What makes GBE so unique?

Many science-related summer programs rely on educating students using traditional tools, such as classroom instruction and lab exercises, which involve topics that may be current, but are highly similar to standard science coursework.

What makes GBE unique is that it focuses on teaching students modern molecular techniques in the context of actual scientific research. The instructors choose topics that are both relevant to current science and involve questions with unknown answers. Students then formulate hypotheses and are guided in developing experiments to test their hypotheses.

GBE also incorporates a field component to each course, usually in the form of a day-long field trip to a site where students will collect samples to perform experiments on. This field aspect allows students to see how their research connects to the natural environment around them, and is often rated as the most popular aspect of the course.

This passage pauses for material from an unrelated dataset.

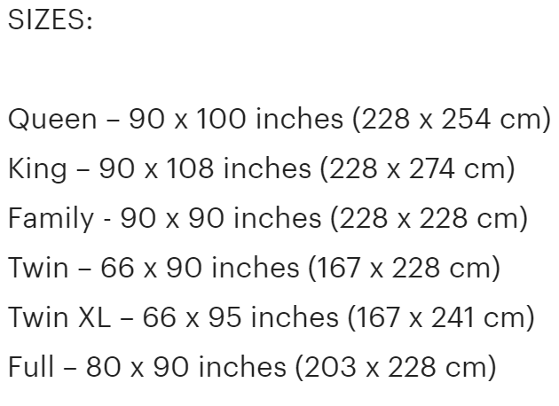 Twin XL – 66 x 95 inches (167 x 241 cm)

General outline of a GBE Course

A typical schedule for a GBE course

• Days 1-3: Introduction to system, background information, developing hypotheses and experiments, using equipment and technique

• Days 3-5: Collect material (field trip), begin experiments

• Days 6-10: Data collection, data analysis, finish experiments, continued background reading

• Days 11-14: Data analysis, presentation preparation, final presentation and evaluation.

PREVIOUS GBE COURSES
2006   2007   2008   2009

2006 – Functions of facultative symbionts of the pea aphid

Aphids can harbor several facultative bacterial symbionts. Students were introduced to the biology of the pea aphid and asked to come up with testable hypothesis as to the function of the symbionts. Some of the hypotheses the students came up with were:

• Do any of the symbionts reduce the effectiveness of aphid parasitoid wasps?

• Do the symbionts protect the aphids from heat stress?

Students were then allowed to design experiments to test their hypotheses. In addition, students learned basic molecular biology techniques, including pipetting skills, how to isolate DNA and perform polymerase chain reactions, running and analyzing gel electrophoresis, and molecular phylogenetics. With these tools, students were able to amplify symbiont genes from the aphids, sequence them at the UA Genetics Core Facility, and analyze their results using NCBI. Students then created phylogenetic trees to better understand how the symbionts were related to other bacteria.

2007 – Microbiota of the European honeybee, Apis mellifera

In 2007, GBE shifted focus to another insect, the honeybee (Apis mellifera). Reports were surfacing that honeybee colonies were dying in record numbers in what became known as Colony Collapse Disorder. The students again applied molecular techniques to look at bacteria associated with the honeybee. Some questions the students examined this year were

• What bacteria are associated with bee products including honey, royal jelly, and bee bread?

•  Do Africanized honeybees differ in their microbiota from European honeybees?

• What parts of the honeybee digestive system harbor bacteria?

Students again utilized molecular techniques, including cloning of bacterial 16S genes, to identify microbes associated with the bees. This year, students were able to submit 16 bacterial DNA sequences to Genbank (accession numbers gi155007950 – 155007935). Using both NCBI and the Ribosomal Database project, students were able to classify their sequences using molecular phylogenetics. This year’s field trip was to the Carl Hayden USDA Bee Research Center in Tucson (right).

2008 – Searching for symbionts in Hymenoptera

Students went to Florida Canyon in the Santa Rita Mountains south of Tucson and collected native Hymenoptera (bees, ants and wasps). Students then identified the insects they collected, and performed DNA extractions. Using PCR and cloning, microbes from the Hymenoptera were identified using molecular phylogenetics. This year the students did a more descriptive project, but focused on the following questions:

• Are there any Bacteria common to all Hymenoptera?

• How do culture dependent and independent methods compare in characterizing Hymenoptera microbiota?

• Do different groups of Hymenoptera vary in their microbiota?

2009 – Antibiotic resistance in various aquatic habitats and in aquatic insects

This year we focused on cultivatable microbes from several environments. The students collected water from two field sites: Madera Canyon Creek in the Santa Rita Mountains and the Santa Cruz River at Tubac, Arizona. The Madera Canyon site was a relatively undisturbed environment, while the Santa Cruz River is downstream of a wastewater treatment facility. At both sites, aquatic insects were collected and microbes were cultured on various antibiotic media. Some of the questions students examined were:

• How does human impact on water influence the antibiotic resistance of environmental bacteria?

• Do insects have higher or lower abundances of antibiotic resistant bacteria in their gut than the surrounding environment?

• What environmental microbes are often antibiotic resistant?

This year we also visited the Roger Road Waste Water Treatment Facility in Tucson (right). Here, students learned about how wastewater is treated, and the facility provided us with samples that the students examined for antibiotic resistant bacteria. In addition to questions related to disturbed and undisturbed environments, students examined the following question:

• Does the proportion of antibiotic bacteria change during wastewater purification?